L’aide internationale, y compris du FMI, a été un élément essentiel de ce redressement, mais de nombreux problèmes subsistent. Le conflit trouve son origine dans vingt années de mauvaise gestion économique, d’immigration et de luttes au sujet de la propriété des terres et une transition difficile vers la démocratie. Si la Côte d’Ivoire réussit à surmonter les dégâts causés par le conflit, elle pourrait redevenir un moteur de la région.

Une étoile qui a perdu de son éclat

Pendant vingt ans après son indépendance en 1960, la Côte d’Ivoire a été un miracle économique. Avec une croissance annuelle de 7% fondée sur une position dominante en tant que producteur de cacao, de café et de coton, beaucoup s’attendaient à ce qu’elle devienne le premier pays d’Afrique subsaharienne à passer parmi les pays développés.

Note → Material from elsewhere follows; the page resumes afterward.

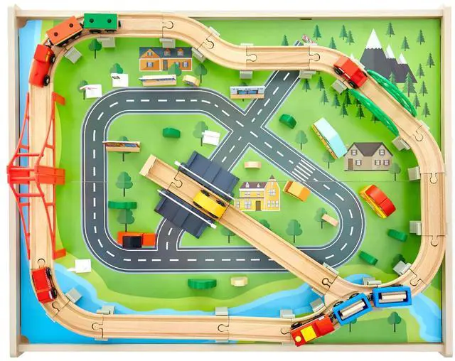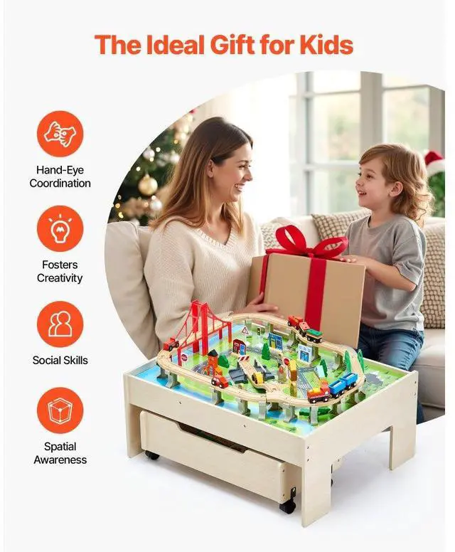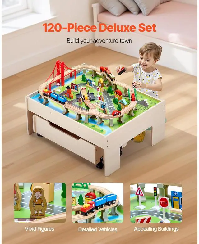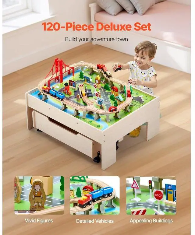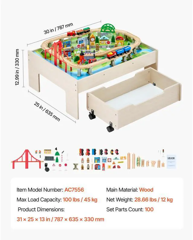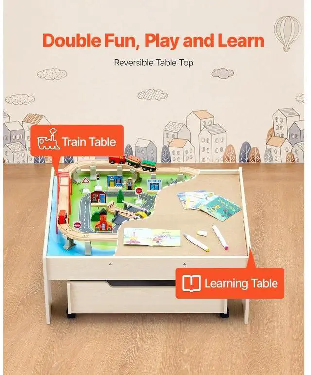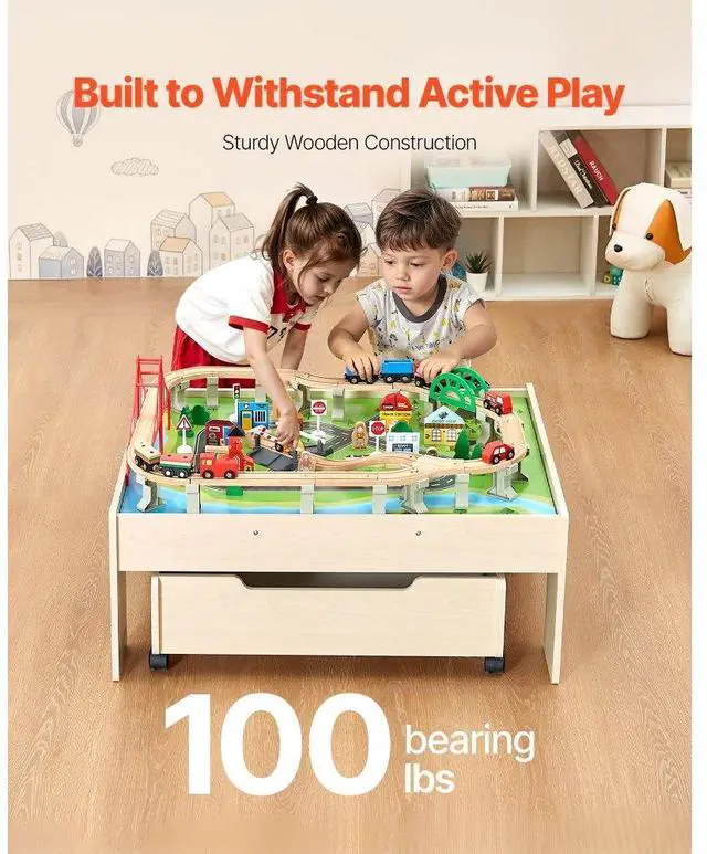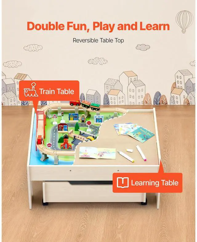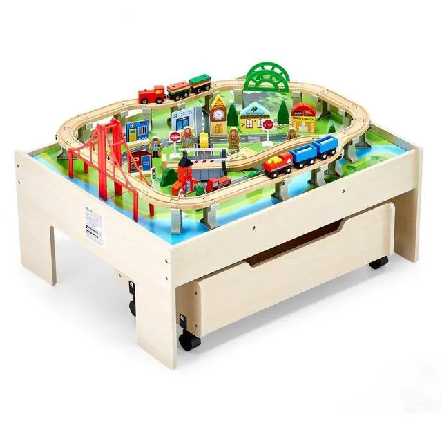 Train Table 100 Pieces Wooden Kids Activity Table with Rolling Storage Drawer Town Theme Set 3-in-1 Multifunctional Table Interactive Play Thoughtful Design Ideal Gift Comprehensive Installation Guide Set

Une détérioration soudaine des termes de l’échange, conjuguée à des investissements publics et des emprunts extérieurs trop ambitieux, a brutalement réduit ce rêve à néant au milieu des années 80.

Principaux événements politiques, 1999–2008

Décembre 1999 Coup d’état du Général Gueï contre le Président Bédié, élu en 1995

Octobre 2000 Gbagbo élu Président, instabilité politique et violence

Septembre 2002 Tentative de coup d’État, guerre civile, Forces nouvelles au nord, déploiement de 4.000 soldats français

Janvier 2003 Accord de paix Linas-Marcoussis, gouvernement de réconciliation nationale

Février 2004 ONU envoie une force chargée du maintien de la paix (UNOCI) de 7.000 unités

Fin 2005 Conseil de sécurité des Nations Unies approuve le report des élections présidentielles à octobre 2006

Mars 2007 Accord d’Ouagadougou signé entre Gbagbo et Soro; nouveau gouvernement de transition, Soro Premier Ministre; élection présidentielle prévue pour février 2008

Mars 2008 Élection présidentielle annoncée pour novembre 2008

Les efforts de redressement ont été jugés trop faibles et trop tardifs, jusqu’à la dévaluation du franc CFA en janvier 1994. À cette époque, juste après la mort du Président Houphouët-Boigny, le pays avait du mal à assurer la transition de l’autocratie à la démocratie, l’un des problèmes étant qu’un quart de la population était d’origine immigrée récente. Les tensions sur la propriété des terres étaient aggravées par le chômage élevé et ont débouché sur le concept d’ ivoirité, dont l’exploitation à des fins politiques a fait de l’ethnicité un nouveau facteur dans la politique ivoirienne.

La guerre civile a éclaté en septembre 2002 et, après quelques mois de combats, le pays s’est séparé en deux: le Nord détenu par les Forces nouvelles et le Sud par le gouvernement du Président Gbagbo. En dépit de l’intermédiation de la communauté internationale, la réunification n’a guère avancé pendant les quatre années suivantes. En mars 2007 est arrivé un moment décisif avec l’Accord d’Ouagadougou, qui a mis en place un gouvernement de transition et un programme prévoyant le désarmement, le redéploiement de l’administration dans le Nord, le recensement de la population et des élections en 2008.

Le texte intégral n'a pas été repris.